Tuesday, March 17, 2009

Kjell Bjørgeengen & Keith Rowe / Fire & Ignorance / Activity Center, Netwerk 13/03/09

We arrive at Netwerk art center, order quickly an Orval beer at the bar and go upstairs for the first set. The duo Michael Renkel and Burkhard Beins perform together as Activity Center. Each of the players have some electronic equipment before them as well as all sorts of small percussion elements, selfmade string instruments and other more or less 'readymade' garbage. The duo choose for abstract, minimalistic sound layers/waves that change slowly, while adding bowed & plucked string sounds, some hand percussion accents, but all in a arhythmical context. The live produced sounds are often instantly given an electronic treatment. The sound collages sound nice, sometimes i get interested but in a whole I never really get involved in the music they produce.
After that we refresh our drinks and head over to the other exposition room where close to the four walls several televisions produce fast flickering black/white screens with changing frequencies. Apparently that's the contribution of Kjell Bjørgeengen who is sitting with his control gear at a table in the middle of the room. Listeners sit, hang, stand or lay around him. Meanwhile at the other side of the table, legendary EAI-guitarplayer Keith Rowe is working on his prepared guitar. He produces high pitched sinus-like tones, sawing guitar sounds, twitches guitareffects and creates other rumble-like sounds. Strangely I can't enter into his soundspectrum. I only feel a sort of fatigue and boreness. As I expected more of his set I wonder if it's me who isn't open to it, who fails to grasp it. I try different approaches: stand still and concentrate, stop looking at the artists (not much to see anyway) wander around the room, try to get distracted by the TV-images so that the music can take me off-guard so to speak - but the TV's keep producing the same sort of black/white blocks, which are - fair is fair - not exactly spectacular to put it mildly. I get the feeling that the duo just isn't doing something new, spectacular or impressive. But with this sort of music/sound/visual art one never knows and aybe others are more positive about this set. After a while we just give up and head to the bar for another drink.
We put all our hopes on the two dudes of MoHa!. Last year I saw them performing a great massive set of ear-shattering drum/guitar/electronics mayhem at the Magasin4-club in Brussels. It sounded like a blend of Lightning Bolt power with Supersilent weirdness. Now they have teamed up with two visual artists and perform as Fire and Ignorance. And do the four of them deliver? Hell yes! We enter the room and the musicians are allready waiting for us. On both side of the musicians the artists stand behind their light control pannels. The light equipment (stroboscopes, black light, strong spots) are aimed not on the musicians but on the spectators.

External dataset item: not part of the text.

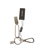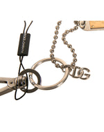 Dolce & Gabbana Silver Brass Chain Beaded Logo Plaque Keychain Keyring

We are clearly the slaves, they are the masters & in full control. As everybody sits down, doors are closed and lights go out. We wait in anticipation. The silence is abruptly broken by the sound of (amplified?) breaking light tubes. That is the signal for of a series of very loud, intimidating & furious assault on as well ears as eyes. While the musicians go for the ear damage, the light artists attack (100% in phase with the music) our visual senses. The music is loud, atonal and simply put: brutal. Often there's a small pause between the drum/guitar/light/electronic thunder - they clearly choose for the unpredictable start/stop-tactics and play with contrasts between silence and noise; black and white - but the public doesn't aplaude or yell, maybe they don't dare. In fact, the few times I look beside or behind me (when lights are on) I see some people almost pressed against their chairs. One women leaves the room, poor lady. Sometimes the whole concept is so grotesque, so intimidating and perfect that I smile in almost disbelief. What impresses me also is the fact that not only the music is played with great skill but that also the sound - even at this volume - is just perfect. After a merciless (and understandable) short set, people finally relax and applaude. We leave the place delighted and as we walk to the car I feel in my jacket the bag with the protective ear plugs the organisation handed out before the concert ('we've heard the rehearsal this afternoon and it's very extreme'). Oh well, ear plugs are for pussies.